Along the way Reyes touches on additional topics: religious hypocrisy (Lara’s rosary clutcher turns out to have the most colorfully profane mouth this side of Peter Capaldi), racism (the two men comment on the girl’s similarity to an actress in a Japanese bukkake video, then tell Jap jokes), financial hardship (“I need to leave [the country], my son’s going to college,” “My earnings on the road will never be enough”), and isolation (“It’s lonely growing old alone”). What distinguishes Reyes’s film from most others is his handling: deft, and sprinkled with a generous helping of Filipino humor.
Something most folks writing about the film don’t touch upon is how hard confined-space filmmaking can be. Hitchcock pulled it off in Lifeboat but only just; much of the story (by John Steinbeck) felt contrived and unconvincing (Will a bracelet really attract a fish, even with diamonds attached?). He doubled the challenge four years later in Rope, not just keeping his story to a single room but using a single long take (apparently) to film it; hit the jackpot six years later by taking a Cornell Woolrich short story, punching up the comedy and sex appeal (basically Grace Kelly) and calling it Rear Window.
Confined-space filmmaking is difficult to pull off; on a moving vehicle in actual traffic the problems are worse. Wright had the luxury of putting his car on a flatbed truck so that the actor (Tom Hardy, terrific) can concentrate on his acting. Panahi conceivably worked with a smaller budget — and government disapproval on top of everything — but with at most two or three passengers in the back and (from what I can see anyway) less dangerous traffic. Considering the logistics I submit that Reyes did a fine job — allow us a taste of Metro Manila traffic (the flow around Taft Avenue is some of the worse); give us a sense of the claustrophobia and heat; capture the isolation the sheer loneliness of Allen Paule’s driver.

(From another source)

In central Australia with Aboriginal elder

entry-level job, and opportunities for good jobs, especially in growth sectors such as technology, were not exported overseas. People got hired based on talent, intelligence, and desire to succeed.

And that I submit is the film’s key subject: loneliness in an overcrowded city — which is also Scorsese’s theme (Reyes pays tribute to the earlier film with a scene set at a carinderia [canteen] where the drivers stop and eat lunch with fellow drivers). You see it clearest in the visual paradox Reyes presents onscreen: all the people crammed in close proximity, only occasionally (briefly temporarily) making contact with each other; maybe the two people who understand each other best are Paule’s driver and Veloso’s caller, mostly in a series of unspoken glances and a pair of flip-flops given as a gift.
And when Paule’s driver finally (skip the rest of this paragraph if you plan to see the film!) reveals his full situation (he came back from Saudi to drive around Manila, looking for his missing wife) and said wife (Joy Viado) climbs into the front seat of his FX, the moment is bittersweet, as in Jacques Demy’s The Umbrellas of Cherbourg: it’s been years, they’ve moved on with their lives, much has happened that can’t be undone. Maybe the film’s weakness (or strength, if you like, as a crowd pleaser) is that Reyes can’t leave good enough alone: the incurable romantic in him (and I may be presumptuous in saying this, but if you’re Filipino you’re nothing if not incurably romantic) won’t let the wife go without dropping a few key details (she’s widowed; the guy she’s with [Gardo Verzosa, also funny] is her boyfriend of two years; she has three hours to spare). The finale may be considered ambiguous, with the film fading to black on Joy’s face slack-jawed with astonishment — but us incurable romantics know what happens next, of course. It’s like a law written into all Filipino storytelling.
MNL 143 is available on Cinetropa, a pay-online totally legal Web site.